In Bank of Westfield v. Inman, supra, upon motion to dismiss the appeal, appellant was granted leave to perfect the same, and it was held that where an appellant had done all that the law required of him in perfecting the appeal, and without any fault on his part, but by the mistake and inadvertence of the clerk, notice of the appeal was not given to one of the appellees within the time required by law, that the court had the power to relieve against accident and excusable mistake in course of appeal.
In Holloran v. Midland R. Co., supra, it was held that an appeal not taken in accordance with §650 Burns 1901, §638 R. S. 1881, providing for appeals in term time, required notice to be given; that §647 Burns 1901, §635 R. S. 1881, provides that a part of several coparties may appeal, but in such cases they must serve notice of the appeal upon the other coparties, and file proof [292]*292thereof in the Supreme Court; that where a part of several coparties appeal without complying with §§647, 650, supra,, the defect can not he remedied after the time limited for effecting appeals has expired, by filing in the Supreme Court a written appearance of a party not appealing, and his refusal to join in the appeal. These cases can not be said to support appellee’s claim. Upon the other hand, it has been held “That the filing of the transcript with a proper assignment of error thereon within the time limited for talcing an appeal perfects the appeal without the service of notice on appellees.” Tate v. Hamlin (1895), 149 Ind. 94; Harshman v. Armstrong (1873), 43 Ind. 126; Johnson v. Stephenson (1886), 104 Ind. 368; Wright v. Manns, supra.

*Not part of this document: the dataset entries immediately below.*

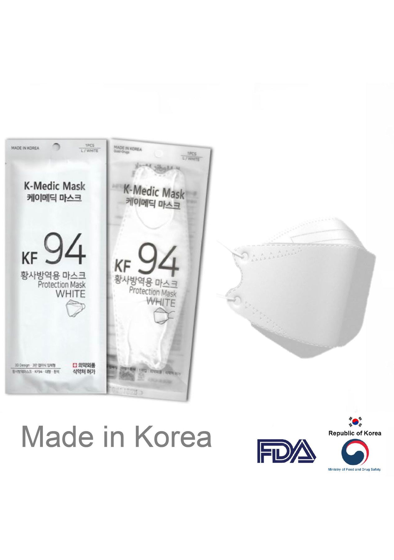 K-Medic KF94 Face Mask is a type of face mask that is designed to provide a high level of protection against airborne particles and viruses. KF94 masks are a type of respirator that is widely used in South Korea and are known for their effectiveness in filtering out harmful substances. The K-Medic KF94 Face Mask is made with multiple layers of high-quality materials that work together to filter out airborne particles. These layers typically include a non-woven fabric outer layer, a melt-blown fabric middle layer, and a soft inner layer for comfort. The mask is designed to fit securely over the nose and mouth, providing a tight seal to prevent the entry of particles. KF94 masks are known for their high filtration efficiency, capable of filtering out at least 94% 94% 0.4„éõ of airborne particles, including viruses and bacteria. They are particularly effective in filtering out fine particles and aerosols, making them suitable for various environments, including healthcare settings, public spaces, and personal use.Its design is 3D three-dimensional with veneer tailoring on the face and a comfortable belt with no irritation to the ears. Contents:White - 1 mask per pack (individually packaged) easy to CarryMADE IN KOREA.FDA Approved.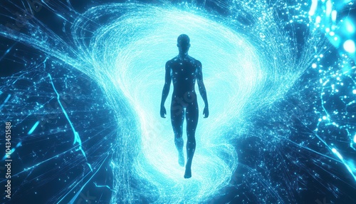 Obraz premium Silhouette of a Human Figure Walking Through a Blue, Swirling, Digital Vortex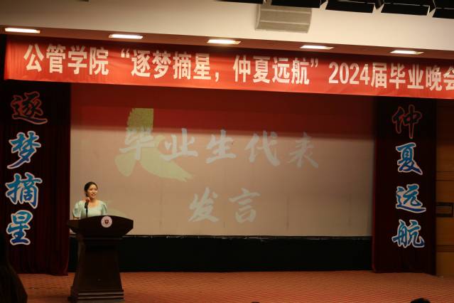 毕业生代表顾润男在发言中深情回顾了大学时光,对母校和学院的辛勤培养表达了由衷的感激之情。她分享了自己奋斗成才的切身体会,以此激励在校的学弟学妹们要珍惜大学时光,抓住机遇,勤奋学习,努力奋斗,共同迈向充满希望的未来。

The last cases above named are cited in Tate v. Hamlin, supra, and in the opinion reference is made to Holloran v. Midland R. Co., supra, the court holding that it is not in conflict with the opinions cited in the case tiren under consideration. The rule in the case last named is recognized in John V. Harwell Co. v. Newman (1897), 17 Ind. App. 649, and in Daugherty v. Brown (1898), 21 Ind. App. 115. So far as Coburn v. Whitaker & Garrett Lumber Co., supra, appears to be in conflict with Tate v. Hamlin, supra, it has ceased to be the law. The question raised by the motion, we think, has been decided adversely to the claim of appellee.
Motion to dismiss appeal overruled.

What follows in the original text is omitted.